The insurance sector continued to show solid fundamentals and demonstrated its resilience despite the difficult international economic situation characterized by great uncertainty, according to the Committee for the Coordination and Monitoring of Systemic Risks (CCSRS), which met on Thursday at Bank Al-Mahreb headquarters (BAM). ).
On a technical level, at the end of the first three quarters of this year, the sector maintained a good growth rate of around 7.7% compared to the same period last year, to reach 42.4 billion dirhams (MMDH), BAM indicates in a press release on this 16th CCSRS meeting, noting that this development was supported by both the life insurance (+9.5%) and non-life insurance (+6.1%) branches.
On the financial level, the investments of insurance companies increased by 3% since the beginning of the year to 216.7 billion dirhams at the end of September. However, unrealized capital gains fell by 40.6% to 19.3 billion dirhams, mainly due to the decline in the stock market and the increase in secondary market interest rates.
In terms of profitability, net profit at the end of June was an improvement of around 11.3% year-on-year.

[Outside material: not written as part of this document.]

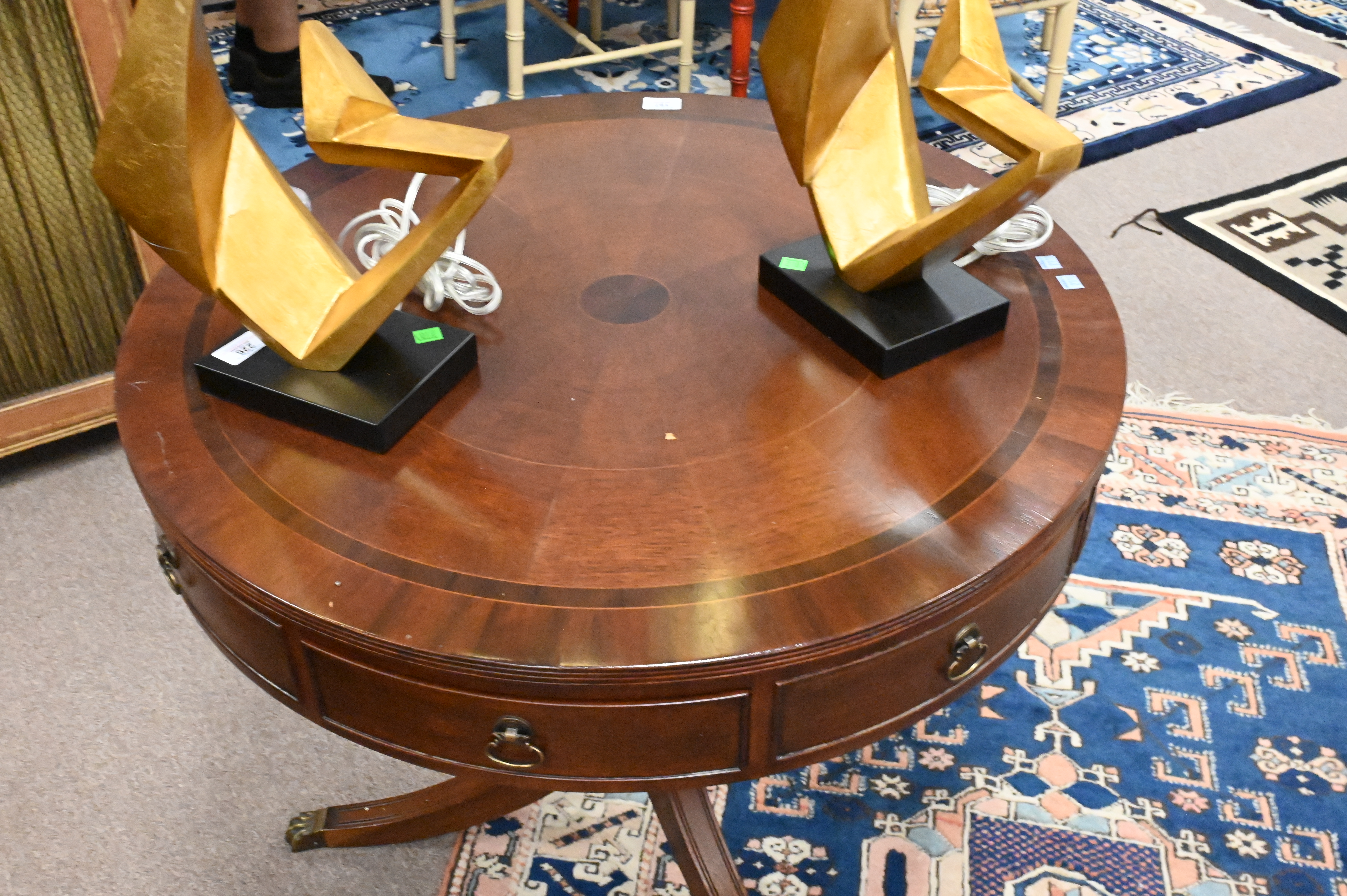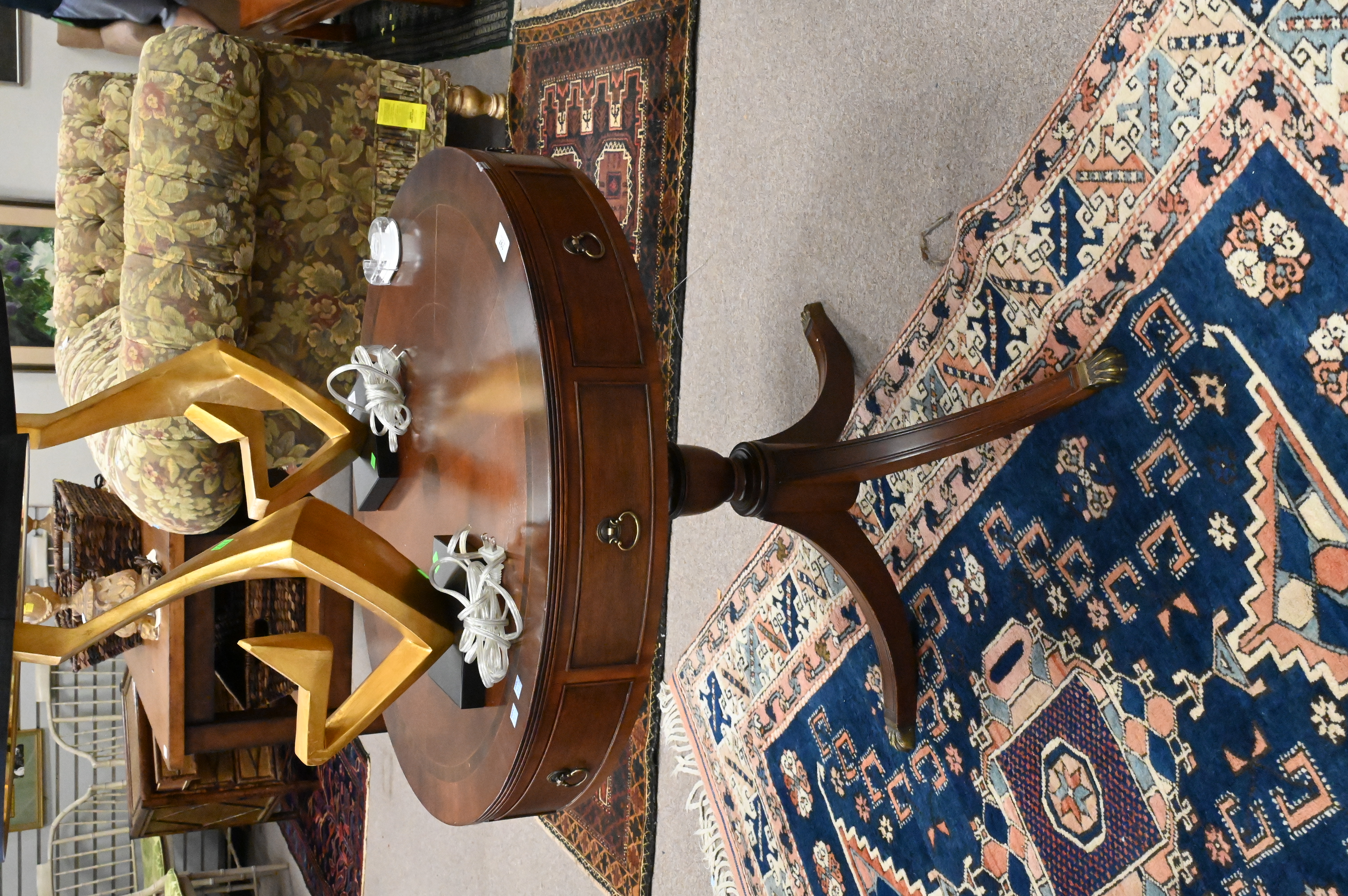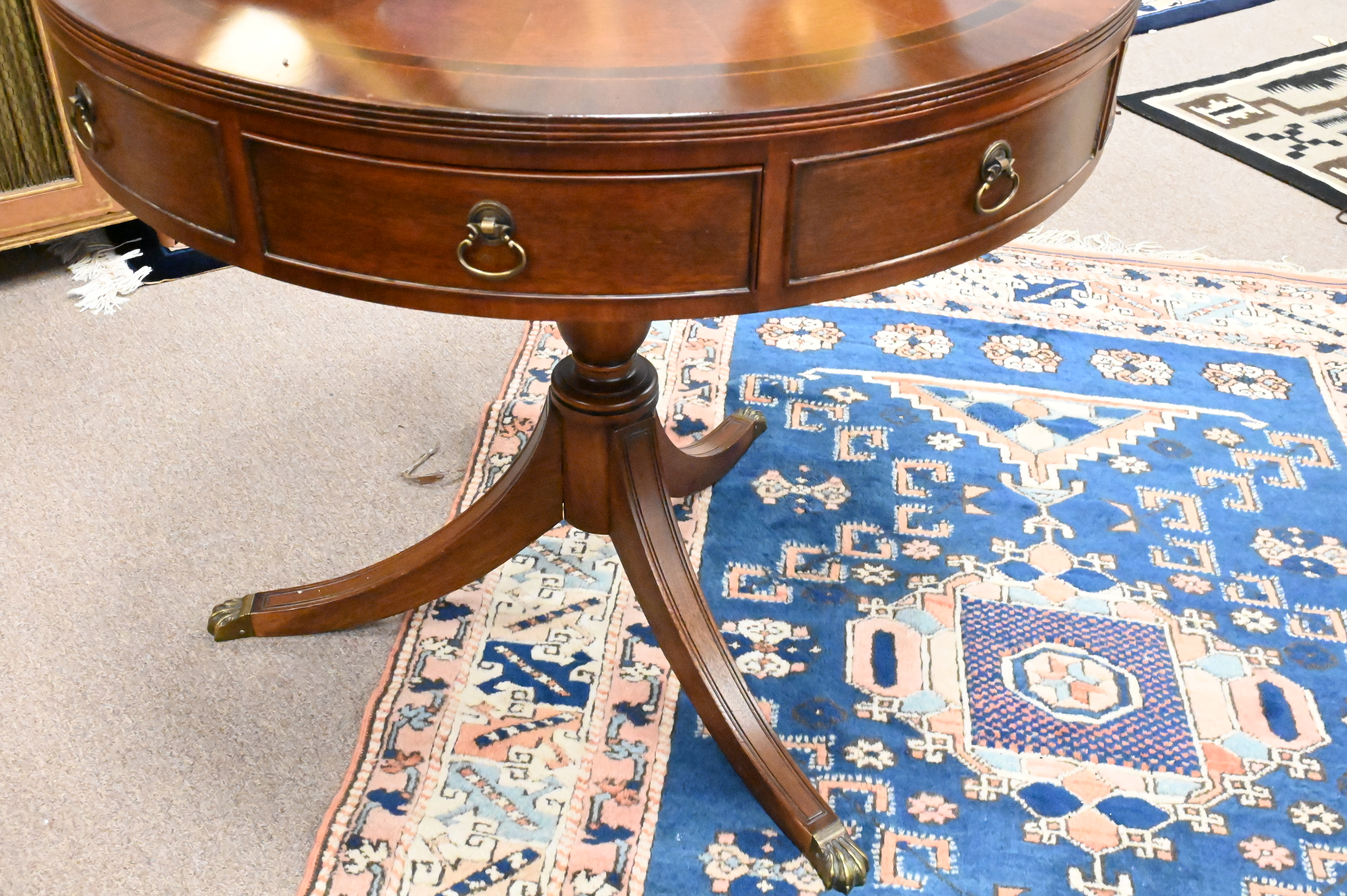 Custom Mahogany Drum Table, with revolving inlaid top, marked Thomas Amato Co., height 29 inches, diameter 32 inches.

In terms of solvency, the sector continues to generate an average margin of more than three times the required regulatory minimum.
Regarding the pension sector, the same source points out that the main basic schemes are experiencing “a difficult financial situation” globally characterized by “the importance of their implicit debt and of the depletion of their reserves at different horizons”.
The systemic pension reform should make it possible to establish balanced pricing, but also to absorb, in significant proportions, the uncovered previous obligations and thus to restore financial balances in the future, notes the press release.
After examining the situation of the financial system with regard to the observed and expected economic and financial trends, the CCSRS also pointed out that the development of macroeconomic conditions so far does not show any “major risks” that could threaten financial stability, but the vulnerabilities , arising from the external and internal environment (consequences of the war in Ukraine, drought, consequences of the pandemic, inflationary pressures, etc.) “call for vigilance and continue to be “subject to close monitoring” .
According to Bank Al-Maghrib forecasts, growth in the national economy should slow to 1.1% in 2022 before accelerating to 3% in 2023 and 3.2% in 2024, the same source recalls.
As for inflation, after a sharp acceleration in 2022 to 6.6%, it should moderate while remaining at a high level around 4% on average in 2023 and 2024.
As for the external position, the current account deficit should narrow to around 2% over the next two years, while official reserve assets should stand at 362.9 billion. in 2023 and then 371 billion in 2024, i.e. corresponding to almost 6 months of imports of goods and services.
With regard to public finances, the budget deficit will gradually decrease from 5.3% of GDP in 2022 to 4.6% in 2023 and 4% in 2024. Treasury debt, in turn, will decrease to 67.7% of GDP in 2023 and 66 .1%. in 2024.